Harper Lee já se interessava por literatura desde a época do colégio, mas decidiu estudar Direito na faculdade. Depois de alguns anos acumulando frustrações, ela abandonou os estudos e partiu para Nova York com o objetivo de se tornar escritora; em 1960, lançou sua única obra, O sol é para todos, que venceu o Prêmio Pulitzer e é considerado hoje um dos grandes clássicos da literatura americana moderna. Em 2015, cinquenta e cinco anos após o lançamento de seu primeiro livro, Lee lançou a sequência, intitulada Vá, coloque um vigia.
William Faulkner
Charles Dickens
O vencedor do Nobel de Literatura de 1949 nunca teve um diploma universitário; por medir um metro e sessenta, foi recusado pelo serviço militar americano e acabou por alistar-se na força aérea canadense, onde serviu por um ano. Mais tarde, entrou na Universidade do Mississipi, mas logo largou os estudos e foi trabalhar como assistente numa livraria, pouco antes de lançar sua primeira coletânea de poemas, aos vinte e sete anos. O associado da TAG teve a oportunidade de conhecer seu complexo e poderoso estilo em janeiro de 2015, com o envio de O intruso.

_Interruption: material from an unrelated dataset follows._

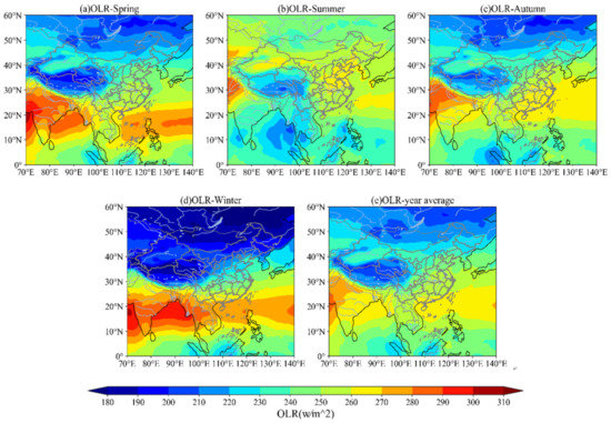 - The spatial distribution of OLR values detected by AIRS varies with latitude. The higher the latitude, the smaller the value. Furthermore, the annual average change high- and low-value area is divided by the north–south dividing line in China, the OLR value of the four seasons is significantly lower in winter than in other seasons, and the change is more obvious in Qinghai-Tibet Plateau and Northeast China.
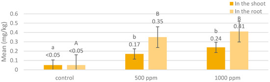 In the case of residue measurements, the root and stem parts were evaluated separately (Figure 5). This was considered important because it allows the extent of glyphosate uptake by the root to be monitored even more. Glyphosate accumulated in both leaf-treated and root-treated plants when treated with 500 ppm and 1000 ppm solutions, respectively. The amount detectable for the latter is higher in both concentrations compared to the control treatment. We found that in plants treated with leaf spray, the residue value was significantly higher in the root than in the stem.

Com mais sete irmãos, Dickens recebeu uma educação formal esporádica, que foi interrompida quando seu pai foi preso e ele passou a trabalhar, com apenas doze anos de idade, em uma fábrica com condições de trabalho degradantes. Mais tarde, seu pai foi solto e ele voltou aos estudos, apenas para abandonar em definitivo aos quinze. A infância sofrida foi ponto de partida para a maioria das obras de Dickens, em especial David Copperfield, considerado o mais autobiográfico de seus livros.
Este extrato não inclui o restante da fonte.